Alternative argument to show that function diverges everywhere

Consider the function:

$$f(x) = x^{\frac{1}{2}} + \frac{1}{2}x^{-\frac{1}{2}} +\frac{2}{3}x^{\frac{3}{2}} - \frac{1}{4}x^{-\frac{3}{2}} +\frac{1}{15}x^{\frac{5}{2}} + \cdots$$

which is constructed such that $f$ is (or at least looks like) a solution to $f' = f$.

Then, $f(x) = Ae^x$ for some constant $A$. But $f$ diverges at $x=0$, so "$A=\pm\infty$" and $f$ diverges everywhere.

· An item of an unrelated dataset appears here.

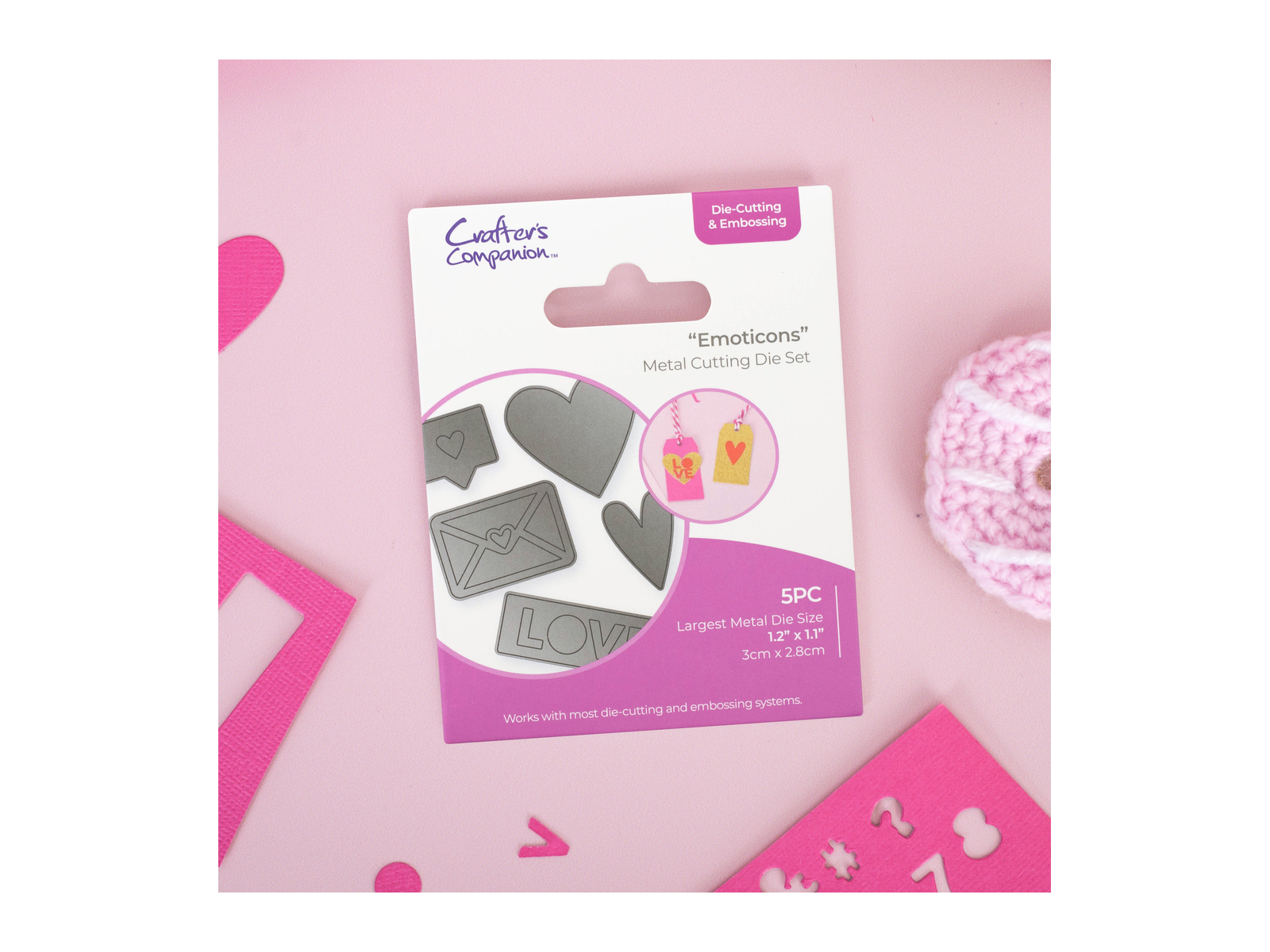 The Emoticons Mini Die Se includes 5 dies with a romantic theme, including love hearts, a love speech bubble, an envelope sealed with a heart and a ‘Love’ sentiment. This set is perfect for creating stylish cards for Anniversaries, Valentine’s day, weddings and more.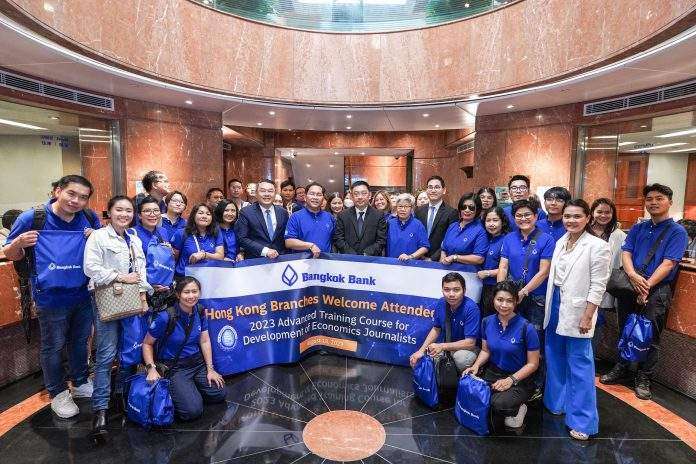 นายกฤษณะพงศ์ พงศ์แสนยากร นายกสมาคมฯ พร้อมคณะกรรมการ และคณะสื่อมวลชน ผู้เข้าอบรม ‘โครงการพัฒนาศักยภาพผู้สื่อข่าวเศรษฐกิจระดับสูง (พศส.)’ ประจำปี 2566 ซึ่งจัดขึ้นในหัวข้อ “เปิดโลกนวัตกรรม ก้าวทันเทรนด์การเงินยั่งยืน” ในโอกาสเดินทางศึกษาดูงาน ณ เขตบริหารพิเศษฮ่องกงแห่งสาธารณรัฐประชาชนจีน และเข้าเยี่ยมชมพร้อมร่วมรับฟังการอัปเดตสถานการณ์เศรษฐกิจ ภาพรวมการดำเนินธุรกิจธนาคารกรุงเทพ สาขาฮ่องกง รวมถึงมุมมองโอกาสการค้าการลงทุนจากธนาคาร ในฐานะ ‘ธนาคารชั้นนำระดับภูมิภาค’ ซึ่งมีประสบการณ์ดำเนินงานเกือบ 70 ปีในฮ่องกง และเป็นธนาคารไทยเพียงแห่งเดียว ที่ได้รับใบอนุญาตประกอบธุรกิจด้านการธนาคารอย่างเต็มรูปแบบ หรือ Full License ในฮ่องกง ปัจจุบันเปิดให้บริการ จำนวน 2 สาขา ได้แก่ สาขาฮ่องกง และสาขาเกาลูน พร้อมมีเครือข่ายสาขาครอบคลุมภูมิภาคอย่างแข็งแกร่ง พร้อมบริการลูกค้าอย่างครบวงจรด้วยความเข้าใจ และเป็น “เพื่อนคู่คิด” เติบโตอย่างมั่นคงไปพร้อมกับลูกค้า

I appreciate that this is hardly rigorous, and that a rigorous proof could be given through analytical methods. But is the concept of the argument flawed in any way, and could it be made rigorous?

Solution 1:

Clearly, $$ f(x)=\sum_{n=0}^\infty \frac{4^n n!}{(2n+1)!}x^{(2n+1)/2} +\sum_{n=0}^\infty \frac{(2n-1)!}{4^n (n-1)!}x^{-(2n+1)/2} $$ The first term converges when $0<x$ while the radius of convergence of the second term is $R=0$.

Hence the function is nowhere definable!